Six weeks with our little one has flown past, and during these weeks I’ve made an observation. I dare say that finnish mothers must be the loneliest on earth. In a culture this civilized it amazes me that mothers are supposed to take care of the home and children, alone. The men go back to work fairly quickly after the baby is born, and the mothers are left to figure out the new daily routines and just deal with it. Single mothers are hailed as heroes because they “cope” and motherhood is measured by sleep, the less you sleep the better on the mother ranking you are. All over town I see mothers pushing their babies in strollers alone and in forums women are mostly feeling like they aren’t enough, not doing enough, and that they are lonely. I get lonely after a day, I need a solid social network and luckily I have my parents and my inlaws that help whenever they can, still motherhood is very lonely at times.
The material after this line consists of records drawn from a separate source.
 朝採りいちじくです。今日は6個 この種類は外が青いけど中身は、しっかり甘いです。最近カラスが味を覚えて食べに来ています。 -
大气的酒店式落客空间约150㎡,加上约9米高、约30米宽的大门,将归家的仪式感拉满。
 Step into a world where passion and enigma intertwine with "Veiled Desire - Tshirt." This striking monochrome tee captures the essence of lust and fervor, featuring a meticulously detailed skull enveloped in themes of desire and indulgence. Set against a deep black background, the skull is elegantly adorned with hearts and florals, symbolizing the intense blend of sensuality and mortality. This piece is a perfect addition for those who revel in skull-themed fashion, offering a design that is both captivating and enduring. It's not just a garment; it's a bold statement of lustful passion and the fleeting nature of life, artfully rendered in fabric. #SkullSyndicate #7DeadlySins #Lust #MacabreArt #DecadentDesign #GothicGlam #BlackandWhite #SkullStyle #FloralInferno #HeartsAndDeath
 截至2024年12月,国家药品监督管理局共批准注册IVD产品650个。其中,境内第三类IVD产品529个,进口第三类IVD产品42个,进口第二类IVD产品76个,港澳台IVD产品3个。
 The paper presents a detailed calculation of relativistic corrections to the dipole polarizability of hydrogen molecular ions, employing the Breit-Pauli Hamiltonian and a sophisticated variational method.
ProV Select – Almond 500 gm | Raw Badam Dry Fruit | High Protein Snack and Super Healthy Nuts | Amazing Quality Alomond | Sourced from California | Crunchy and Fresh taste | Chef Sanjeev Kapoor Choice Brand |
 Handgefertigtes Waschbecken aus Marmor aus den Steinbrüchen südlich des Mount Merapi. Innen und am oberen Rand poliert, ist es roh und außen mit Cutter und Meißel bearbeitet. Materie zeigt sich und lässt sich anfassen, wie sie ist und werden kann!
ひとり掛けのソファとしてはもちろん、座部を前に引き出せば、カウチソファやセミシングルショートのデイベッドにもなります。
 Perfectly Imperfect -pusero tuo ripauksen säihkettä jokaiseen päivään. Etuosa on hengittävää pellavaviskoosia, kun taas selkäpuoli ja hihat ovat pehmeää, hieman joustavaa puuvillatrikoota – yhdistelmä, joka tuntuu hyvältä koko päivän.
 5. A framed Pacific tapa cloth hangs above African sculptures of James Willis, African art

Finns are extremely bad at asking for help. They are stubborn and independent to the bitter end. But why does parenting and motherhood have to be about surviving, coping, getting by? Since when is it a negative thing to be a mother?
I used to laugh at mothers that go to things like mummy-baby yoga or baby poetry etc. but I realize now it’s just an excuse to meet people with the same lifesituation, people that understand. There is a solidarity between mothers, and this can be found in events and clubs like baby rytmics or baby cafés. I promise never to laugh at these again, I might well be a frequent baby yoga goer in the future!
I recently posted a question in a dog related forum on facebook asking if someone knew a dog walker in the city. I got a lot of good tips but a few negative comments like: “deal with it yourself, so has many others before you” and “How can you be so selfish that you want to sleep” etc. I’m being left to take care of home, baby and dog for four days and the mere thought of being left alone makes me feel abandonded and chained to the home. Yes, you might think these are western world problems and they are in relation to many other problems but why is it the standard to deal with it and not ask for help if you feel it’ll make your day better? A mum that has slept a few hours is much more sane and stabile than a mother that hasn’t. Happy mother – happy baby – happy dog. And it will prevent me from first drowning my husband in kisses and then hour long blabla babble thats been packed up during the whole four days and then strangling him for being away.
Asking for help on a forum and I got showered with negative comments by horrible negative people. But then there are these wonderful people, like a girl on my street that saw my post and volunteered because she misses her own dog that passed away. If you are uncapable of asking for help, you won’t get it either.